Swiss popular initiative on electing the Federal Council rejected in 1942

The federal popular initiative "Election of the Federal Council by the People and Increase in the Number of Members" was a popular initiative in Switzerland, rejected by both the people and the cantons on January 25, 1942.

== Proposal ==
The initiative proposed amending Articles 95 and 96 of the Federal Constitution of Switzerland in order to increase the number of members of the Federal Council from seven to nine.

At the same time, the initiative requests that these members be elected by the people for a four-year term.
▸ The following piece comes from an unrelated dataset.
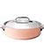 Exterior de cobre liso. Interior de acero inox. Mango y asas de fundición. Borde vierte fácil.

At least three members were to come from Latin-speaking regions and at least five from German-speaking regions.

The full text of the initiative can be consulted on the website of the Federal Chancellery.

== Procedure ==

=== Historical background ===
When the Federal Constitution was adopted in 1848 and revised in 1874, the Radical Democratic Party, which held a large majority, established the election system for both the federal chambers and the Federal Council in a way that favored the party already in power.

Following the introduction of the federal popular initiative in 1891, opposition parties, led by the Social Democratic Party of Switzerland, sought to change this system.

They made a first attempt by submitting two initiatives. One proposed introducing proportional representation for elections to the National Council, while the other called for the popular election of the Federal Council and an increase in its membership.

Both initiatives were rejected on November 4, 1900 by 58.75% and 58.81% of voters, respectively.

Following this vote, the Federal Council repeatedly opposed expanding its membership in 1909, 1912, and 1914. The idea of electing the Council by popular vote was largely abandoned by the federal authorities.

During the Federal Council election of December 1938, the Social Democratic Party demanded a seat in government. After Parliament refused, the party launched this initiative to expand the Council and ensure both linguistic and political representation.

=== Signature collection and submission of the initiative ===
The collection of the required 50 000 signatures began on February 12, 1939. On July 29, the initiative was submitted to the Swiss Federal Chancellery, which declared it valid on September 18.

=== Discussions and recommendations of the authorities ===
Both the Federal Assembly and the Federal Council recommended rejecting the initiative.,

In its message to Parliament, the government argued that increasing the size of the Federal Council would threaten its unity and cohesion. It also emphasized the difficulties and risks associated with popular elections, particularly the risk that the German-speaking majority might overwhelmingly support German-speaking candidates, thereby limiting minority representation.

=== Vote ===
The initiative was submitted to a popular vote on and was rejected by all 19 6/2 cantons and by 67.6% of valid votes cast.

== Effects ==
After this popular rejection, the issue of electing the Federal Council by the people periodically returned to public debate. The Socialist Party gained access to the government in 1959 when two seats were given to it through the Magic formula.

In the first decade of the 21st century, the Swiss People's Party, located on the opposite end of the political spectrum, proposed a similar reform through a federal popular initiative. Signature collection was planned to begin in the summer of 2010.

This proposal called for a seven-member Federal Council, including two representatives from linguistic minorities, elected by majority vote for four-year terms.